Implementation of a direct nonhydrostatic pressure gradient discretisation into a layered ocean model

Abstract

The increasing demand for the investigation of nonhydrostatic effects in ocean modelling requires crucial modifications to models applying the hydrostatic pressure assumption. Within many studies the capability of the pressure-correcting projection method for the inclusion of the missing nonhydrostatic pressure contribution into an existing hydrostatic model kernel was verified. It provides accurate results but also requires computational (and implementational) effort for solving a Poisson equation for the pressure correction.In contrast, some studies were based on an alternative approach that does not require the inversion of a Poisson equation. Within this alternative approach the nonhydrostatic pressure contribution is calculated by an explicit vertical integration of the additional nonhydrostatic terms in the balance of vertical momentum. Since ocean models are not intended to replace classical engineering tools and are usually applied to nearly hydrostatic flows, this straight-forward extension of the hydrostatic procedure is an interesting option. However, the feasibility of the alternative approach was not tested within a full 3D explicit mode-splitting model yet. Furthermore, the nonhydrostatic capability of the alternative approach has so far not been validated against well known nonhydrostatic benchmark test cases.
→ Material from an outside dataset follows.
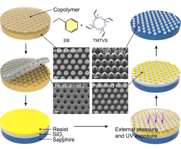 周圣军教授团队提出了一种柔性纳米压印技术在蓝宝石衬底上加工二氧化硅微结构阵列的方法。由于蓝宝石衬底具有翘曲,采用光刻工艺难以保证微结构阵列的一致性,而柔性纳米压印技术能够完全适应衬底翘曲,实现均匀分布的微结构阵列制备。与传统的图形化蓝宝石衬底相比,具有二氧化硅微结构阵列的蓝宝石衬底不仅可以抑制氮化镓材料在锥形图案侧壁上的生长,降低外延层的位错密度,提高器件有源区的发光效率,而且可以对量子阱有源区辐射光子的传播方向进行再调制,更有效地将来自有源区的光耦合进入芯片上下表面的逃逸光锥,提高Mini-LED显示芯片的光提取效率。柔性纳米压印工艺为在曲面上制备微结构提供了高质量、高效率的解决方案。

In order to assess the potential of the alternative approach for future ocean modelling applications, in the present study these required but still missing investigations are carried out.To demonstrate the necessary modifications to an explicit mode-splitting hydrostatic model kernel, the extension of the General Estuarine Transport Model (GETM) is outlined. The simulation results of laboratory and idealised oceanic test cases are presented and compared to analytical theory, laboratory experiments and other numerical simulations. This validation indicates the nonhydrostatic capability of the extended GETM. However, stability issues limited the efficiency and the applicability of the straight-forward inclusion of nonhydrostatic dynamics.